The full circle journey of designing a tooltip that’s both simple and useful.


This content originally appeared on Jonnie Hallman (@destroytoday) and was authored by Jonnie Hallman (@destroytoday)

Time tooltip with slash

Over the holiday weekend, I focused on improving Cushion’s tooltip for the timeline beta. Since I recently finished visualizing tracked time and estimated time in the timeline, I built a tooltip that simply displays the tracked time and estimated time totals with a slash separating them. This was a stop-gap until I could spend more time designing a tooltip that’s both useful and easy to digest.

Tooltip design with progress bar

My immediate plan was to include a progress bar to compare tracked time against estimated time. This would provide a visual in addition to the text-based data. Folks could hover a date range, or narrow in on a date, and instantly tally the number of hours they both worked and estimated. Would this be useful? Well, sure!—it’s more information that people can use for whatever they’d like.

Tooltip design with progress bar and labels

As I built the tooltip, I personally found it confusing as to which number referred to what. Because of this, I added labels for the numbers. The number on the left would be labeled “Tracked” and the number on the right would be “Estimated”. That would make these numbers crystal clear. While building this out, I realized that not all dates would have estimated time, so I needed to fill that spot with some sort of useful data (of course). I decided to use the “workday” preference, which is a set of hours that the person works. Is it useful to see the workday when there’s no estimated time? It should be!—and it fills out the design, so we’re good to go.

Tooltip design with header

Now that I had a couple more labels in the tooltip, the hierarchy of the type felt disorderly. I can’t have a header stacked on labels without anything in-between, so I’d need to separate the header into its own header “bar”. This would draw a clear line between the date range header and the data below it. Should the date range be the “title” of this content? I mean, it could be! And it fits the design, so that makes it work.

Tooltip twitter

View the tweet

At this point, I climbed out of my rabbit hole, and shared the tooltip on Twitter. While I did feel like I was getting somewhere, I also had a spidey sense feeling that the design wasn’t right. The whole tooltip itself felt like a lot. Luckily, a handful of folks gave me their feedback and reiterated my concern. It’s too much.

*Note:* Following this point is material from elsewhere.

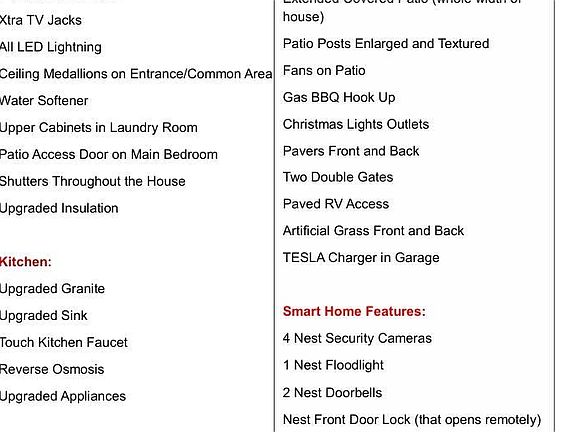 Stunning home with exceptional curb appeal in Sierra Montana! This semi-smart home is loaded with upgrades (huge list attached). All the appliances are included! Washer and dryer include Sidekick washer pedestal and dryer pedestal. Enjoy low maintenance living artificial turf in both the front and backyards, plus an extended covered patio that spans the width of the home. The three-car garage includes a Tesla charger and additional extra exterior parking with paved RV access, perfect for extra vehicles or recreational toys. Inside you will find stylish LED lightning, high quality shutters throughout, and a beautiful kitchen featuring premium cabinetry and a Touchless-activated faucet. This home truly has it all, you'll fall in love the moment to walk in!

Using data to fill a design is the exact pitfall I used to fall into with the previous iteration of Cushion. I’d think to myself that someone will find this data useful, and that’s why it’s okay to include it. More often that not, however, this data obscures the real value of what you’re trying to convey. If I show all the time data for a given date range, and the user only wants to see their availability, now they need to do the mental math to calculate that and filter out the rest. Instead, I could be a better designer and design a tooltip that highlights the data they’re most likely interested in.

Tooltip design simple

I decided to go full circle and return the original design, but use the data that’s most relevant given the context of the date range. If a user is hovering a date in the past, Cushion will tally the tracked time. If they’re hovering a date on a project in the future, Cushion will show the estimated time. Or, if the person is hovering a date in the future at the top, Cushion will indicate their availability.

Tooltip simple

All of this data is incredibly useful for different reasons, but it’s even more useful when simplified, easy to digest, and specific to the context. People don’t need to see their tracked time in the future or their availability in the past. I, the designer, can use these facts to design a smarter tooltip that’s still simple. One might think that the overloaded tooltip with the progress bar and labels is the smarter UI, but more often than not, it‘s not. The UI that tells you exactly what you want to know, when you want to know it, is the smart one—even if it’s two lines of text.